INPUT DATA START
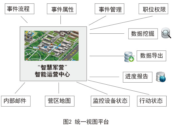 “智慧营区”智能运营中心提供了一个集中的实时协作环境,跨职能、组织监控和分享信息。每个部门的数据都可以在GIS平台上通过地图或三维地形为背景的视图中统一呈现,如图2所示。
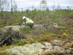 Мы проводили опробование почвы, компонентов лесной подстилки, например, хвои, опавших листьев, мхов, лишайников, листьев брусники и можжевельника. Причем по нормативным документам для подготовки одной пробы на содержание радионуклидов необходимо использовать до 10 килограммов сухого материала. Представляете себе, например, 10 килограммов сухого мха или лишайника? Это все собиралось в огромные мешки и транспортировалось в лаборатории.
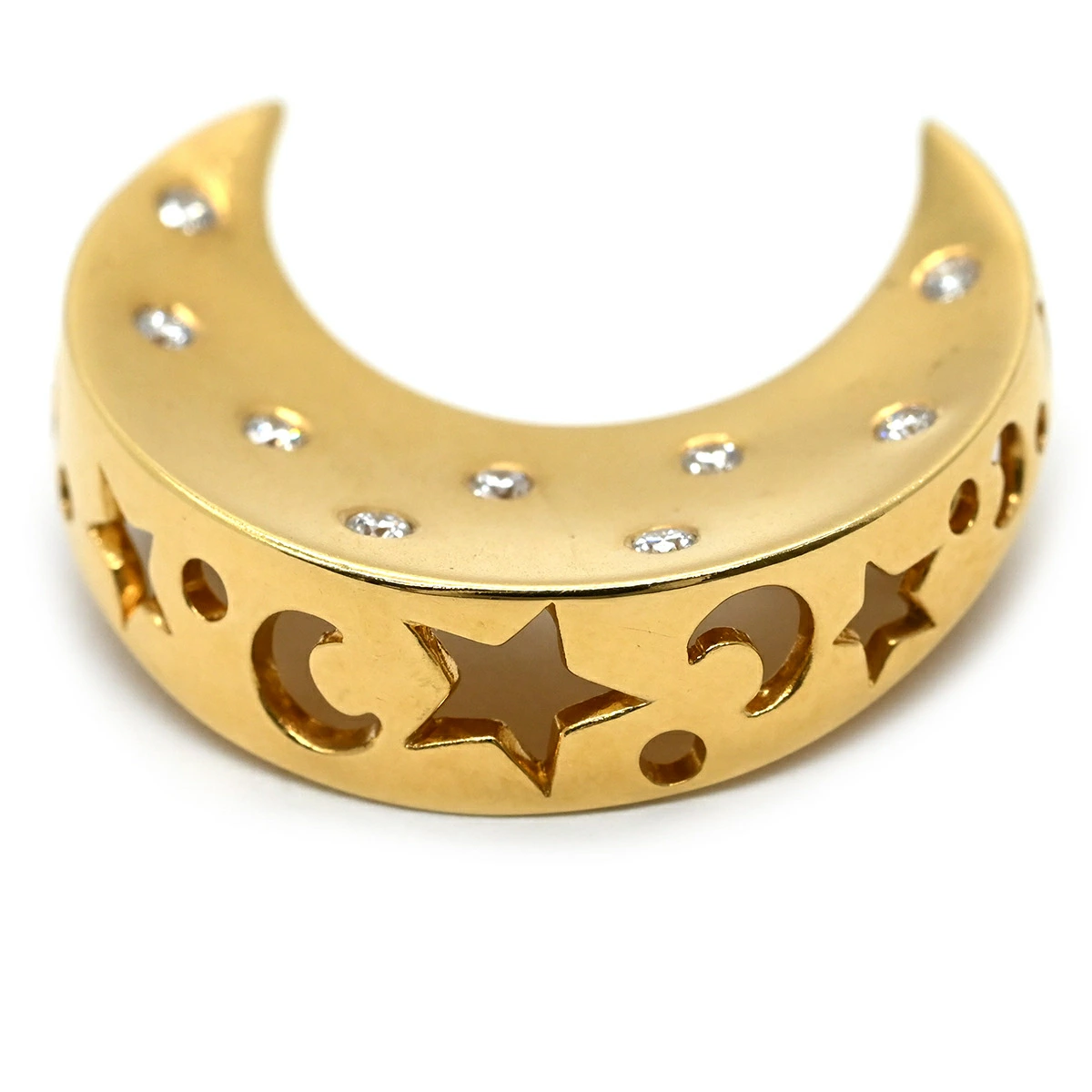 ▲クリックで拡大されますミキモト MIKIMOTO ブローチ 三日月 K18YG ダイヤモンド イエローゴールド 月モチーフ レディース定番 人気 美品 【中古】
INPUT DATA END
PROBLEM:
Output the material above word for word. Leave out its images.

SOLUTION FOR THIS TASK:
 “智慧营区”智能运营中心提供了一个集中的实时协作环境,跨职能、组织监控和分享信息。每个部门的数据都可以在GIS平台上通过地图或三维地形为背景的视图中统一呈现,如图2所示。
 Мы проводили опробование почвы, компонентов лесной подстилки, например, хвои, опавших листьев, мхов, лишайников, листьев брусники и можжевельника. Причем по нормативным документам для подготовки одной пробы на содержание радионуклидов необходимо использовать до 10 килограммов сухого материала. Представляете себе, например, 10 килограммов сухого мха или лишайника? Это все собиралось в огромные мешки и транспортировалось в лаборатории.
 ▲クリックで拡大されますミキモト MIKIMOTO ブローチ 三日月 K18YG ダイヤモンド イエローゴールド 月モチーフ レディース定番 人気 美品 【中古】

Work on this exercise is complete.